Nottingham Post JUNE 15, 2017 - by Kevin Cooper


On his love of Nottingham, latest album Piano, working with Brian Eno and more

Jools Holland will be back in Nottingham at the end of the year on his annual pre-Christmas tour with his Rhythm And Blues Orchestra. He tells Kevin Cooper about his love of Nottingham gigs, his latest album, working with Brian Eno and getting drunk with Imelda May.

You are a regular visitor to Nottingham so you must like the place?

We always have a great time up there in Nottingham and the Royal Concert Hall is such a wonderful place for us to play. We all do really enjoy the time that we get to spend in the city. There is always such a nice atmosphere whenever we play there.

Your most recent album, Piano, was harder to make than you had anticipated, right?

Yes that's correct. At first I thought it would be quite fun because there is quite a lot of self-study in there. But after a while I realised that I hadn't been paying attention or really listening to what I was playing, I was just playing without thinking. I found myself having to think about it a lot more. Anyway, I am pleased with the result.

How was it working with Brian Eno on the album for the interpretation of Floyd Kramer's Last Date?

Brian, as you will no doubt remember was with Roxy Music and has produced the likes of U2 and Coldplay, makes soundscapes for airports, so he is like an abstract artist with his music. He said that the person who he admired the most was Floyd Kramer because his playing was so understated and so un-busy. He invented a whole new style of playing. So we decided to do a track together. Brian came up with the ambient sound, and I put the piano on top. I think we managed to capture Floyd's playing but in a modern concept whilst maintaining the understatement of it all.

What inspired the songs and covers on the album?

They are all based upon the piano players who have at some time inspired me, such as Erroll Garner. I like the way that he played a tune. I always indentified with Erroll because he said "I compose music, I play music but I don't bother to read or write it". [laughs]

Tell me about the covers Eruption by Focus and Dr. John's Dorothy.

Dr. John is a very dear friend of mine and he wrote that piece well over twenty-five years ago now for his mother. So I would like to dedicate that song to all of the mums everywhere. It is such a sweet piece but I don't actually know how you would describe it. Focus are a Dutch prog rock group and I think that the lead on Eruption was originally played by the guitarist Jan Akkerman. I have always liked the tune and thought that it would be great to do it on the piano but I never got round to it. It's an abstract piece but the great thing about music is that there are no rules. If I like a tune I will go home and play it on the piano and then ask myself if it works.

Bumble Boogie always makes me think of a Buster Keaton film where he's trying to rescue the heroine from railway tracks...

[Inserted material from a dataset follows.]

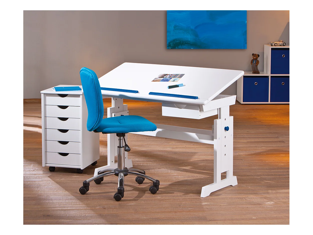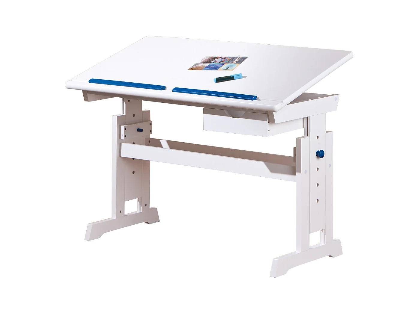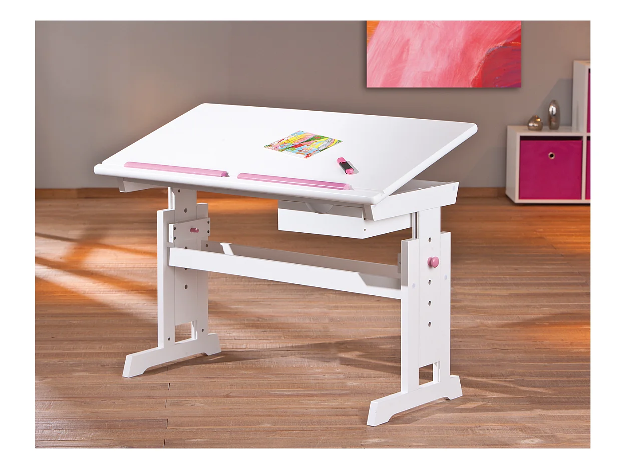Batur Schreibtisch 1 Schublade weiss,blau/ pink.
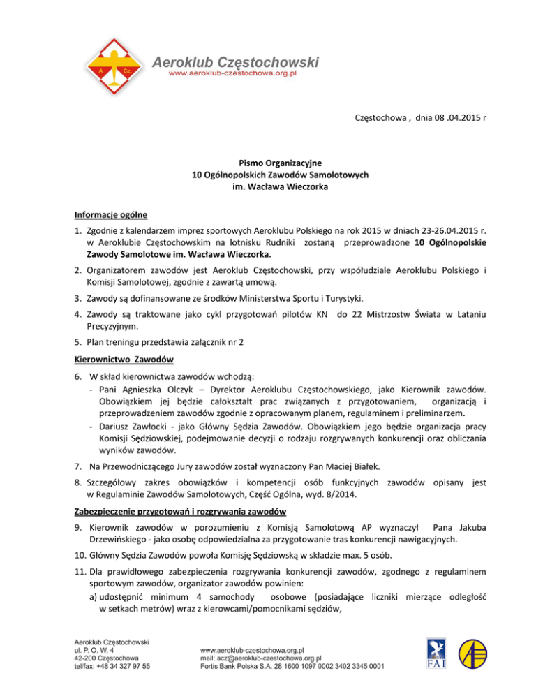 Częstochowa , dnia 08 .04.2015 r Pismo Organizacyjne 10 Ogólnopolskich Zawodów Samolotowych im. Wacława Wieczorka Informacje ogólne 1. Zgodnie z kalendarzem imprez sportowych Aeroklubu Polskiego na rok 2015 w dniach 23-26.04.2015 r. w Aeroklubie Częstochowskim na lotnisku Rudniki zostaną przeprowadzone 10 Ogólnopolskie Zawody Samolotowe im. Wacława Wieczorka. 2. Organizatorem zawodów jest Aeroklub Częstochowski, przy współudziale Aeroklubu Polskiego i Komisji Samolotowej, zgodnie z zawartą umową. 3. Zawody są dofinansowane ze środków Ministerstwa Sportu i Turystyki. 4. Zawody są traktowane jako cykl przygotowań pilotów KN do 22 Mistrzostw Świata w Lataniu Precyzyjnym. 5. Plan treningu przedstawia załącznik nr 2 Kierownictwo Zawodów 6. W skład kierownictwa zawodów wchodzą: - Pani Agnieszka Olczyk – Dyrektor Aeroklubu Częstochowskiego, jako Kierownik zawodów. Obowiązkiem jej będzie całokształt prac związanych z przygotowaniem, organizacją i przeprowadzeniem zawodów zgodnie z opracowanym planem, regulaminem i preliminarzem. - Dariusz Zawłocki - jako Główny Sędzia Zawodów. Obowiązkiem jego będzie organizacja pracy Komisji Sędziowskiej, podejmowanie decyzji o rodzaju rozgrywanych konkurencji oraz obliczania wyników zawodów. 7. Na Przewodniczącego Jury zawodów został wyznaczony Pan Maciej Białek. 8. Szczegółowy zakres obowiązków i kompetencji osób funkcyjnych zawodów opisany jest w Regulaminie Zawodów Samolotowych, Część Ogólna, wyd. 8/2014. Zabezpieczenie przygotowań i rozgrywania zawodów 9. Kierownik zawodów w porozumieniu z Komisją Samolotową AP wyznaczył Pana Jakuba Drzewińskiego - jako osobę odpowiedzialna za przygotowanie tras konkurencji nawigacyjnych. 10. Główny Sędzia Zawodów powoła Komisję Sędziowską w składzie max. 5 osób. 11. Dla prawidłowego zabezpieczenia rozgrywania konkurencji zawodów, zgodnego z regulaminem sportowym zawodów, organizator zawodów powinien: a) udostępnić minimum 4 samochody osobowe (posiadające liczniki mierzące odległość w setkach metrów) wraz z kierowcami/pomocnikami sędziów, b) udostępnić jeden samolot do oblotu kontrolnego tras nawigacyjnych lub kontroli złych warunków meteorologicznych, c) 2 kamery video wraz z obsługą dla rejestracji przebiegu konkurencji lądowań zawodniczych, d) zabezpieczyć odpowiednią ilość materiałów biurowych oraz kserokopiarkę. 12. Dla sprawdzenia przygotowania samolotów do zawodów, Kierownik zawodów wyznaczy Pana Daniela Sosnowskiego jako koordynatora technicznego zawodów, który dokona sprawdzenia ważności obowiązujących dokumentów i ubezpieczeń . 13. Dla prawidłowego zabezpieczenia ruchu lotniczego Kierownik zawodów obowiązkowo wyznaczy na czas zawodów osobę odpowiedzialną za nadzór nad ruchem lotniczym w trakcie zawodów, która wraz ze służbą startową będzie odpowiedzialna za prawidłowe przygotowanie i zabezpieczenie ruchu lotniczego na lotnisku i w jego rejonie, w tym rozłożenia pasa lądowań, jego obsługi podczas konkurencji i prawidłowej oceny lądowań. Regulamin zawodów, wyposażenie zawodnicze 14. Zawody będą rozgrywane według Regulaminu zawodów samolotowych – Cześć Ogólna, Wyd. 8/2014 oraz aktualny Regulamin Zawodów w Lataniu Precyzyjnym – 2015 . 15. Wyniki zawodów wliczane są do Samolotowego Pucharu Polski Pilotów. 16. Każdy pilot - zawodnik jest zobowiązany do posiadania urządzenia (loggera) rejestrującego lot nawigacyjny. Warunki uczestnictwa, zgłoszenia 17. Piloci biorący udział w zawodach powinni posiadać: a) ważną licencję pilota samolotowego lub odpowiednio świadectwo kwalifikacji, b) ważne, odpowiednie do posiadanej licencji lub świadectwa kwalifikacji badania l-l, c) ważne kontrole wiedzy i umiejętności praktycznych, d) ważne kwalifikacje do wykonywania lotów na danym statku powietrznym. 18. Zawodnik musi posiadać ważną licencję sportową Aeroklubu Polskiego w sporcie samolotowym. 19. Wszyscy zawodnicy są zobowiązani do dnia 19 .04.2015 r. dokonać zgłoszenia udziału w zawodach na druku zgłoszenia wg załącznika nr 1 do Kierownika Zawodów - [email protected] lub Komisji Samolotowej - [email protected] UWAGA! W przypadku gdy z powodów losowych zgłoszony zawodnik nie będzie mógł uczestniczyć w zawodach, należy powiadomić niezwłocznie o tym fakcie Kierownika Zawodów. W przypadku nie odwołania swojego udziału do dnia 21.04.2015 r. organizator ma prawo obciążyć kosztami rezerwacji hotelu nieobecnych uczestników. 20. Zwolnienia z udziału w zawodach pilotom KN może udzielić KS AP. 21. Koszty uczestnictwa w zawodach wynoszą: - koszty zakwaterowania, wg aktualnych stawek zakwaterowania (Hotel Grand - 165 zł. pokój 2 os./doba ze śniadaniem, internat - 40 zł. os/doba – ilość miejsc ograniczona); - koszty wyżywienia, wg aktualnych stawek wyżywienia (45 zł. całodzienne wyżywienie /os. na terenie lotniska w Kawiarence); - opłata organizacyjna (koszt map, zdjęć nawigacyjnych i instrukcji na konkurencje, udział w zakończeniu zawodów, dokumentacja) 200 zł. /pilot; - koszty paliwa wg zużytej ilości (przewidywana cena paliwa LL 100 z podatkiem VAT–ok 6,90. zł./l) 2 UWAGA ! 1. Rezerwację zakwaterowania i wyżywienia należy dokonać indywidualnie. 2. Istnieje możliwość zakwaterowania w: - Hotel Grand . – tel. 34 368 30 22 ; [email protected] - Internat ACz – tel. 34 327 97 55 ; [email protected] 22. Opłatę organizacyjną należy wnieść do 22.04.2014 r. na konto bankowe organizatora Nr 28 1600 1097 0002 3402 3345 0001 z dopiskiem – „Opłata organizacyjna - zawody samolotowe – imię i nazwisko uczestnika”. UWAGA ! 1. W przypadku wpłaty w późniejszych terminach opłata uczestnika będzie pobierana w wysokości powiększonej o 20%. 2. W przypadku pokrywania kosztów uczestnictwa pilota w zawodach przez jego klub sportowy, na zgłoszeniu wymagany jest podpis Dyrektora i Głównej Księgowe

I think that is a great compliment. It is fast and quite a piece to deliver live. It is almost as though you can't keep up with it. I originally heard that piece of music when I was a kid and now just to make the classical music people very cross, I have inserted Bach's Prelude No. 1 in the middle of it together with some weird effects. That particular prelude is, in my opinion, some of the prettiest music that has ever been written.

He could have given it a title including love, God, the sun, nature or whatever but no. I love that he just called it Prelude No. 1. [laughs] It was a mere number to him. He said that he wrote it in the hope that it would inspire young people to play the piano. I thought, that is good enough for me, I am that person and I will follow this great man.

So what's next for Jools Holland?

Well, I am going to continue trying to figure out the piano which I feel is a lifetime's work for me.

I have been trying to find a copy of your album Solo Piano for a while now and finally found one on Amazon for £152.

Bloody hell, how can they sell it so cheap!?

Jools Holland plays the Royal Concert Hall, with special guest José Feliciano, on Thursday, November 16.